Bu ayetler ve hadisler bize gösteriyor ki, samimi bir niyete dayanmayan amel ve davranışlar, sonuçta azap ve pişmanlıktan başka bir işe yaramayacaktır. İbadet, ilim ve  zenginlik  gibi kendilerine verilen imkânları, sadece gösteriş ve belli bir amaç uğruna kullananlar, yarın ilâhî huzurda bu yaptıklarından dolayı yalanlanarak yüzüstü cehenneme atılacaklardır.[6] Bu demektir ki, dinin yüce değerlerini istismar eden, onu dünya çıkarlarına âlet etmeye çalışanlar, kimlikleri ve yaptıkları ne olursa olsun, ahirette "yalan söylüyorsun" diye azarlanmak ve cezaya çarptırılmaktan yakalarını kurtaramayacaklardır.

Kıymetli Kardeşlerim!

Dini ve insani değerlerin istismarının önüne geçebilmek için,  hayatımızda yalnızca Kur’an-ı Kerim’in ve Hz. Peygamber’in (sav) mesajlarını rehber edinmek, Allah’ın bizlere vermiş olduğu aklımızı, kalbimizi ve vicdanımızı dini ve dünyevi menfaatler için değil, samimi ve ihlaslı bir niyetle, amellerimizi ve davranışlarımızı ortaya koymak gerekmektedir.
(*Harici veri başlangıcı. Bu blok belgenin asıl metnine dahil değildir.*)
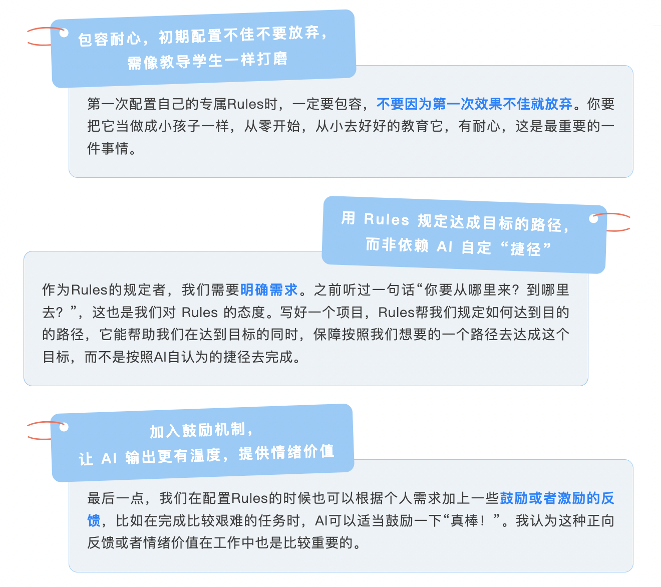 属性:不是独立工具,而是 AI 工具的 “优化补充”——AI 像 “百科全书” 懂很多,但 Rules 能明确使用方式,让输出更贴合需求,还能记录用户喜好,更具人性化。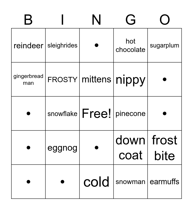 This bingo card has a free space and 49 words: December, earmuffs, Christmas, cold, eggnog, fireplace, sleighrides, fuzzy blankets, gingerbread man, frozen, FROSTY, hot chocolate, frost bite, down coat, ice storm, Jack Frost, mittens, pinecone, sweater, sugarplum, snowflake, snowman, reindeer, nippy, •, •, •, •, •, •, •, •, •, •, •, •, •, •, •, •, •, •, •, •, •, •, •, • and •.
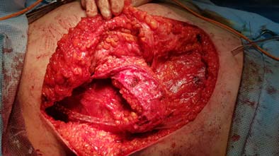 Рис. 5. Выкроенный деэпидермизированный LТAP-лоскут. Ложе опухоли клипировано титановыми клипсами для подведения буста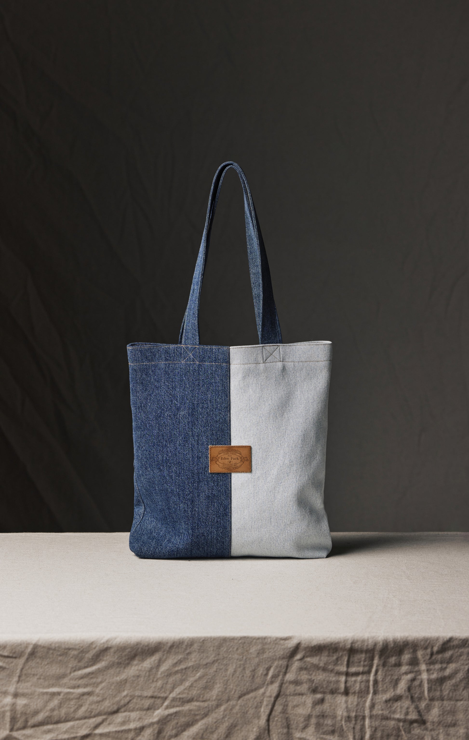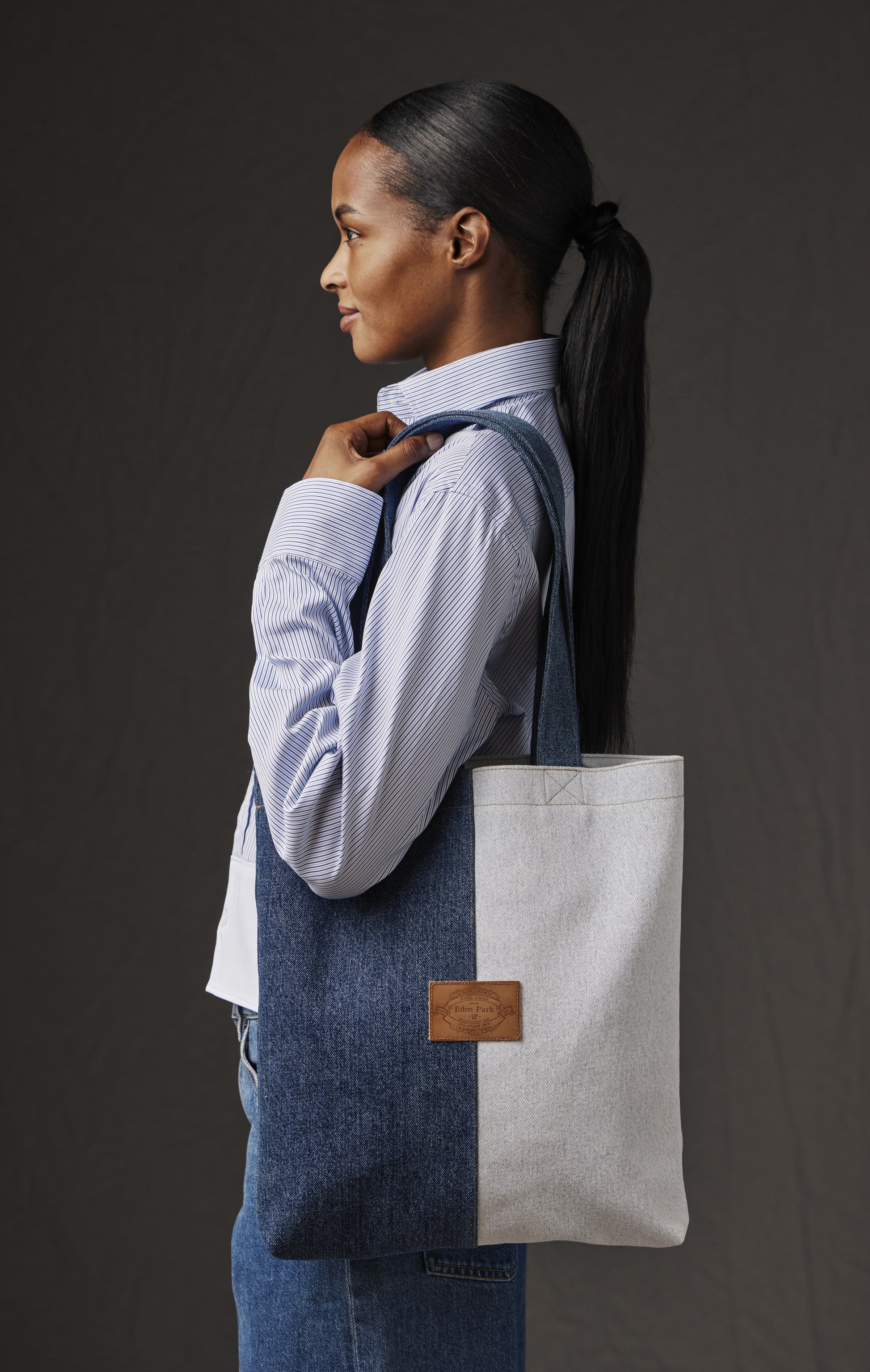 This two-tone tote bag was designed in our workshop from the same archival jeans upcycled to create the tote bag and bob for this Pap'Atelier capsule collection. Light denim and raw denim are assembled in a vertical contrast, inspired by the Japanese rugby jerseys in the Eden Park collections, and embellished with a leather label taken from a pair of jeans. Faithful to our desire to make the most of every resource, this graphic bag features a streamlined silhouette and sturdy construction. A faithful daily ally, this practical yet elegant tote bag features an interior zipped pocket, which promotes recycling, and a canvas lining also taken from our archives. This tote bag reflects creative and committed fashion, designed to give a second life to existing materials. Offered as a limited edition on our website, this model celebrates the rarity and craftsmanship of our fashion house. Dimensions: 37 cm x 40cm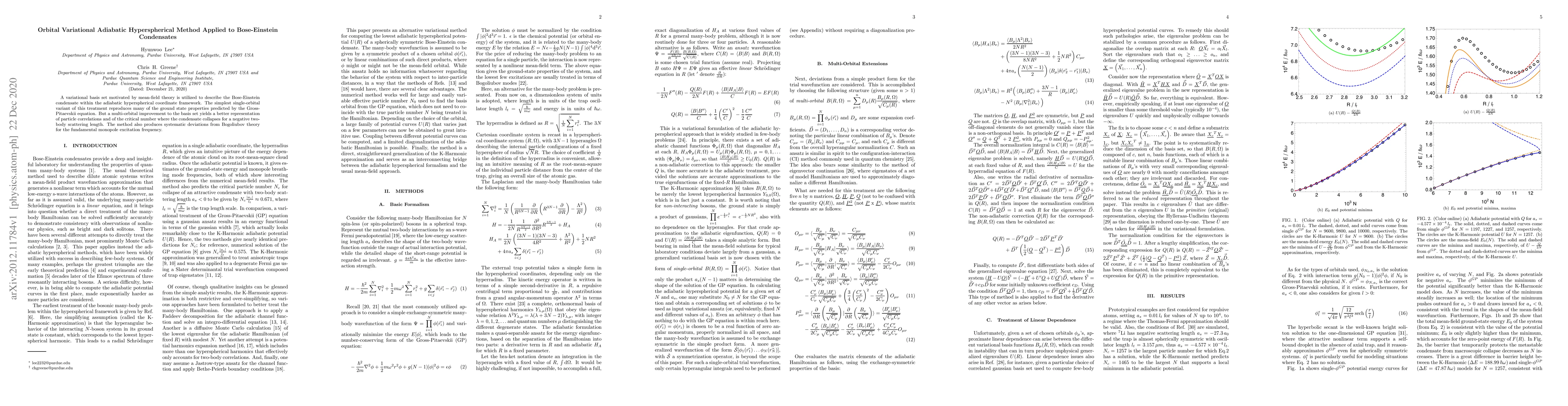 This paper applies the orbital variational adiabatic hyperspherical method to describe Bose-Einstein condensates, showing that a multi-orbital basis set improves the representation of particle correlations and the critical collapse point compared to single-orbital models. The method also reveals systematic deviations from Bogoliubov theory for monopole excitation frequencies.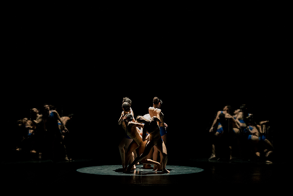 Sul palco il suono del respiro dei primi uomini, che nel buio della notte dei tempi muovono i loro passi primitivi e rudi e si immergono giocosi nelle acque fertili, fonte di sostentamento. Il blu acquisisce significato di purificazione e iniziazione religiosa ma acqua non è solo elemento sacro ma anche riflesso dei nostri vizi, della nostra vanità che ci porta a perire così come nel mito di Narciso. L’acqua è forza distruttrice, emblema della natura che incombe sull’uomo. Un viaggio illusionistico che ci permetterà di riflettere sul significato, sul simbolismo e sull’importanza dell’acqua, ampliando quel senso di responsabilità che l’umanità ha verso la Natura.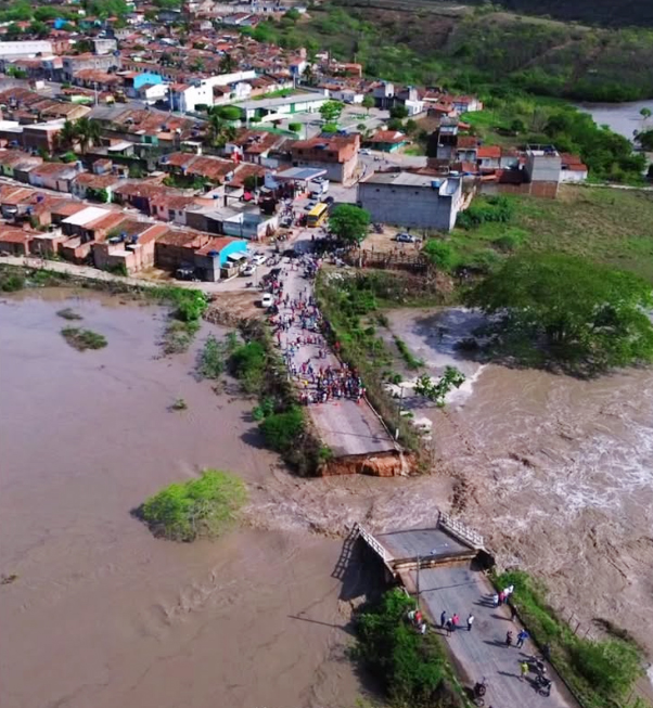 A ponte localizada em um dos acessos à cidade de Calçado, no Agreste Meridional, cedeu nas primeiras horas da manhã desta sexta-feira (27), após as fortes chuvas que atingem a região. As informações apontam que a estrutura não suportou o grande volume de água acumulado nas últimas horas.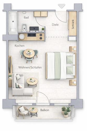 Diese Ferienwohnung besteht aus 1 Schlafzimmer, einer Küche und 1 Badezimmer.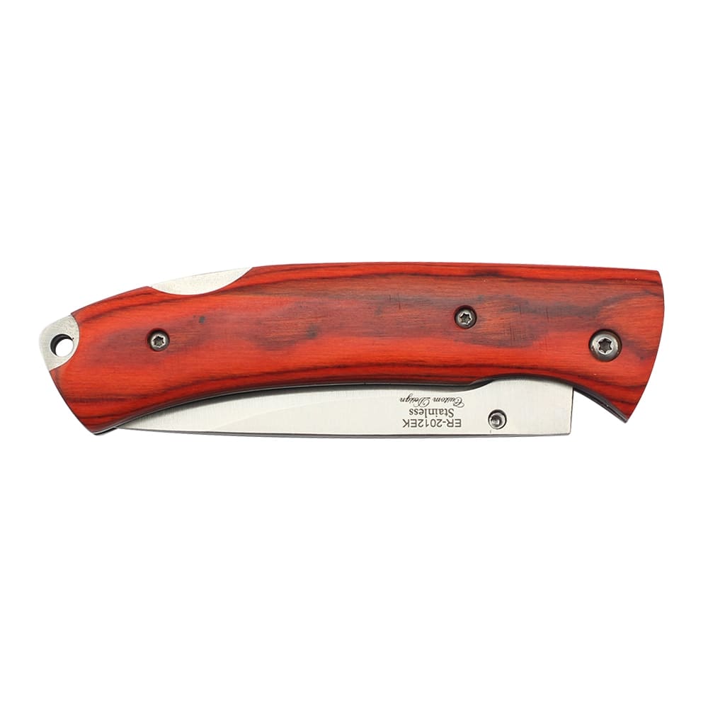 Canivete Elk Ridge ER-2012EK, robusto e elegante, com lâmina em aço inoxidável e cabo em acrílico com detalhe em madeira.

Hutbemizi ihlas ve samimiyetin önemini vurgulayan, dini değerleri istismar etmenin kötü sonucunu bizlere bildiren, Sevgili Peygamberimiz’in (sav) bir hadis-i şeriflerinin  mealiyle bitirmek istiyorum: "Allah'ın hoşnutluğunu kazanmaya yarayan bir ilmi, sırf dünyalık elde etmek için öğrenen kimse, kıyamet günü cennetin kokusunu bile alamaz." [7]

 

Muhammed Baki Tuncel
Alzey DİTİB Camii Din Görevlisi

 

[1] Bakara, 2/11-12
[2] Müslim, İman, 164
[3] Bakara, 2/9
[4] Müslim, Sıfatü’l-Münafikîn, 17.
[5] Muhammed, 47/29-30.
[6] Müslim, İmâre, 152.
[7] Ebû Dâvûd, İlim 12; İbni Mâce, Mukaddime 23.